The preset performance control is a control method: it is intended to ensure that a system is able to meet or maintain a predetermined performance standard or performance goal when performing tasks or completing work. Such methods typically involve defining, measuring and monitoring the performance of the system and taking the necessary measures to ensure that the performance of the system is always within the expected range.
The invention has the beneficial effects that:
the invention adopts a barrier function to limit the transient steady state performance of the intelligent agent, and the barrier function can relax the initial state to any value. Meanwhile, an event triggering controller is designed by adopting an event triggering technology, so that the waste of communication bandwidth resources is saved, and the working time of the system is prolonged.
The invention can realize the restraint of the temporary steady state performance of the system under the condition that the initial state of the multi-agent is not limited and the partial state of the system is unknown, can save the communication bandwidth resource of the system to prolong the endurance time, and has good anti-interference capability.

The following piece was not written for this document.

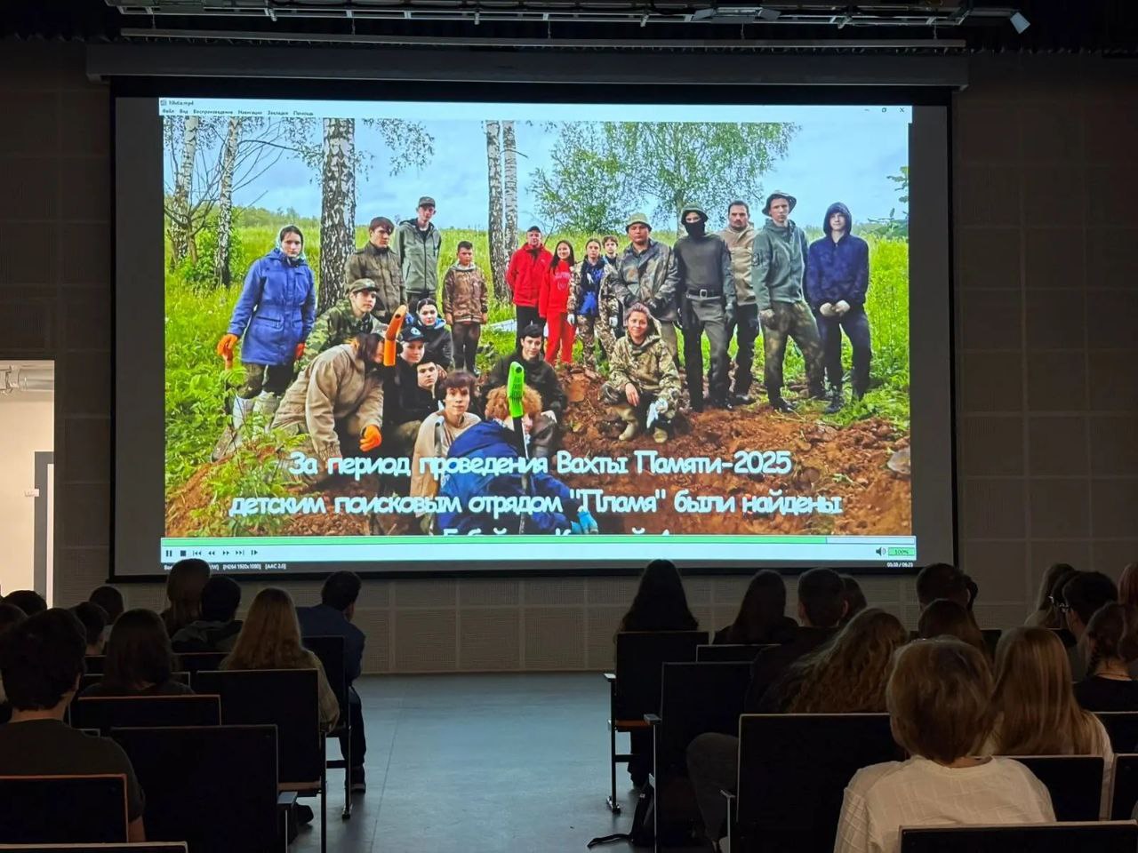 Мероприятие состоялось в преддверии Дня воинской Славы — Дня Неизвестного солдата. В ходе встречи участники отряда рассказали учащимся о поисковом движении России, познакомили школьников с деятельностью поискового отряда «Пламя», показали видеоролик о пяти красноармейцах, которых поисковики обнаружили во время «Вахты Памяти 2025».

The following points are specifically shown:
1. the invention realizes the preset performance consistency control of the high-order nonlinear multi-agent system with the initial state not limited.

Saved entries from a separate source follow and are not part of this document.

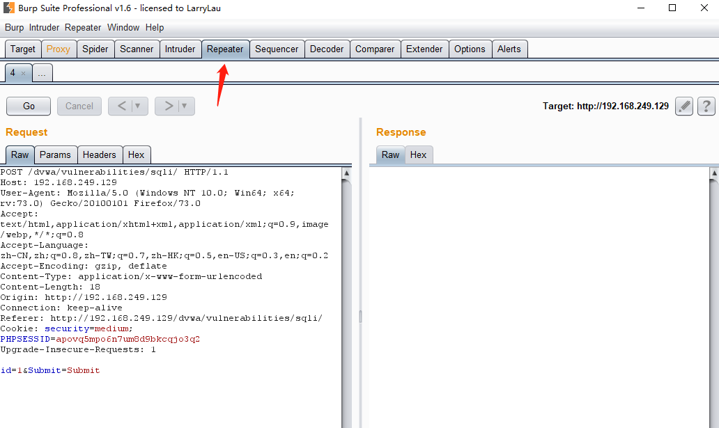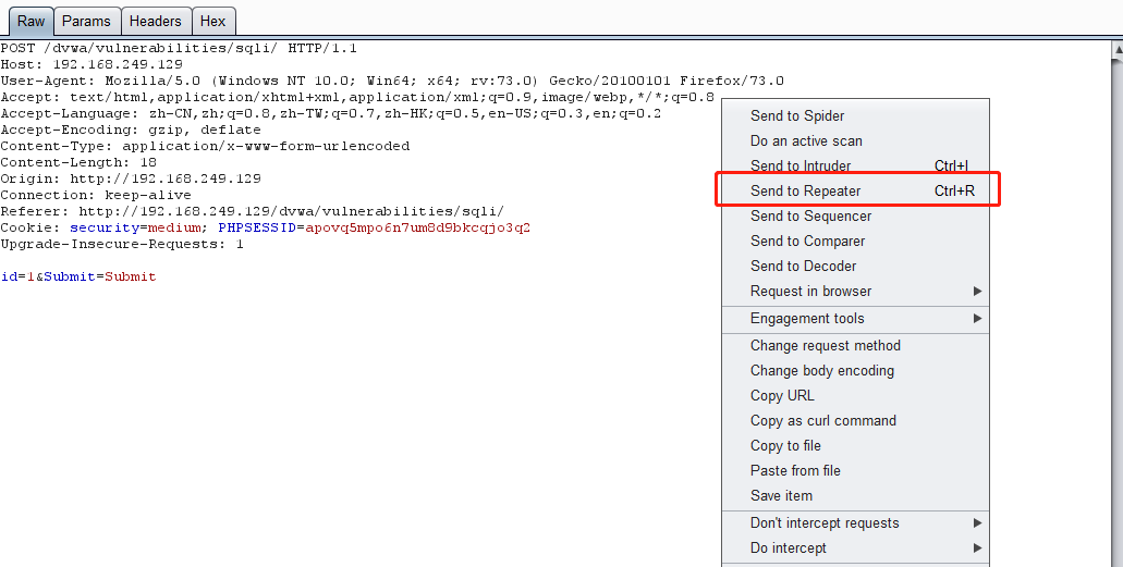 如果想对请求包进行修改,就在当前选项卡的区域右键,选择 Send to Repeater
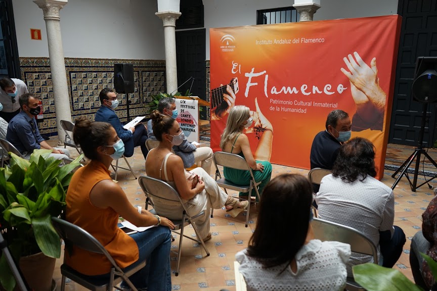 El acto de presentación se ha celebrado en la sede del Instituto Andaluz del Flamenco con la participación de la consejera de Cultura y Patrimonio Histórico, Patricia del Pozo, el delegado del Gobierno de la Junta en Sevilla, Ricardo Sánchez, el alcalde de Mairena del Alcor, Juanma López, y el presidente de la Casa del Arte Flamenco, Manuel Jiménez. También han asistido la directora de la Agencia Andaluza de Instituciones Culturales, Mar Sánchez, miembros de la corporación municipal y el elenco de artistas.
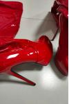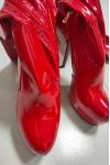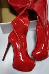 レビュー: 女性用プラットフォーム スティレット ヒール サイ ハイヒール ブーツ レッド パテント ブライト レザー
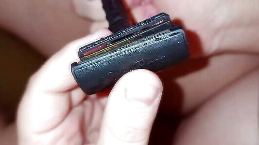 бритье киски триммером и бритвой крупным планом! легкие поглаживания!
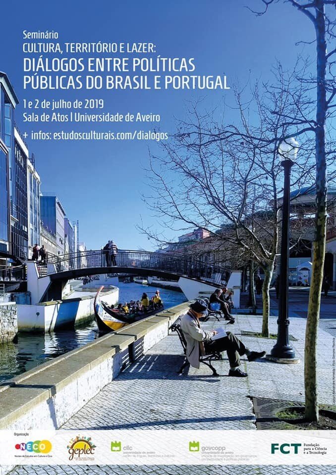 Vai realizar-se, no próximos dias 1 e 2 de julho de 2019, na Sala de Atos da Reitoria da Universidade de Aveiro (Dia 1 : 9h30 – 13h / 15h – 17h30. Dia 2 : 10h – 13h / 15h – 17h30), o “I Seminário de Cultura, Território e Lazer: Diálogos entre Políticas Públicas do Brasil e Portugal”

2. The nonlinear output feedback high-order system comprising unknown parameters and uncertain disturbance is adopted, so that the application is wider. The unknown state is estimated by using the reduced order filter, the order is lower, unnecessary resource waste is avoided, and meanwhile, the error of the filter can be arbitrarily small by reasonably selecting parameters.
3. The back-stepping method is optimized by utilizing the dynamic surface technology in the design process of the controller, so that the calculated amount is greatly reduced, the communication bandwidth resource is saved by adopting the event triggering technology, and the working time of the system is prolonged.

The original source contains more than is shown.